Assignment: All pictures are to be omitted while the lines starting at the line with "Ήδη στο τέλος" and ending at the line with "Загалом, у 2011" in the material below are retyped exactly, both ends included.

Data for analysis:
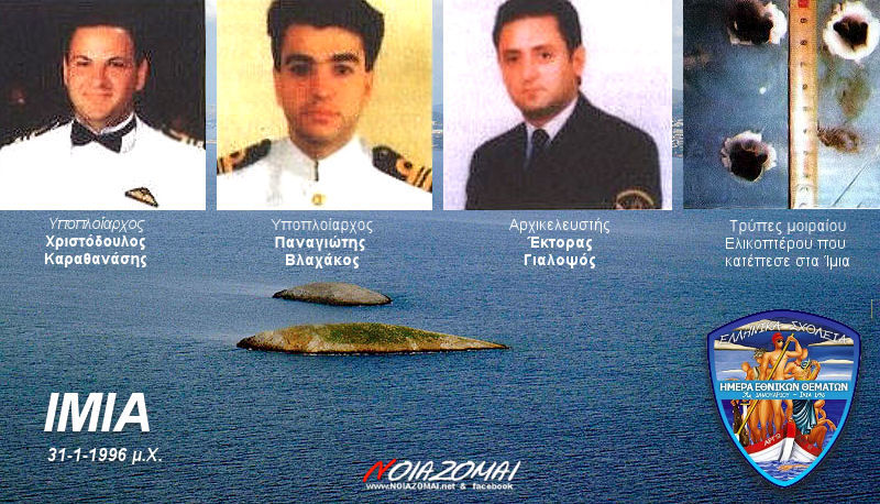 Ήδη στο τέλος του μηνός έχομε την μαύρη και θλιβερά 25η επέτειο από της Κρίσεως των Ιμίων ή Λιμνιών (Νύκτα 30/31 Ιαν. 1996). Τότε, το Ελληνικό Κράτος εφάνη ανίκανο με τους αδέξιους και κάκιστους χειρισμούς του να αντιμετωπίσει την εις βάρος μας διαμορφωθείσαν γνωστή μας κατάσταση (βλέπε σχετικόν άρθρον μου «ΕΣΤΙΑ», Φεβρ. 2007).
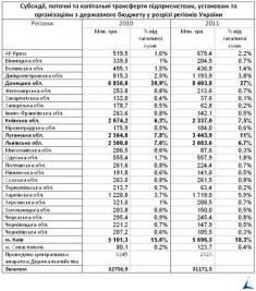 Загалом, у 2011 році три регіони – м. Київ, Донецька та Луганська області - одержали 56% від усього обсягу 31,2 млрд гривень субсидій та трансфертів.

--

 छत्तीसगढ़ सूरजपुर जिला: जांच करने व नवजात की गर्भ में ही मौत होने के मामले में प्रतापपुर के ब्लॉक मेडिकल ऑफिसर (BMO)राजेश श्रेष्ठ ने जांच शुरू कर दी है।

Your solution:
 Ήδη στο τέλος του μηνός έχομε την μαύρη και θλιβερά 25η επέτειο από της Κρίσεως των Ιμίων ή Λιμνιών (Νύκτα 30/31 Ιαν. 1996). Τότε, το Ελληνικό Κράτος εφάνη ανίκανο με τους αδέξιους και κάκιστους χειρισμούς του να αντιμετωπίσει την εις βάρος μας διαμορφωθείσαν γνωστή μας κατάσταση (βλέπε σχετικόν άρθρον μου «ΕΣΤΙΑ», Φεβρ. 2007).
 Загалом, у 2011 році три регіони – м. Київ, Донецька та Луганська області - одержали 56% від усього обсягу 31,2 млрд гривень субсидій та трансфертів.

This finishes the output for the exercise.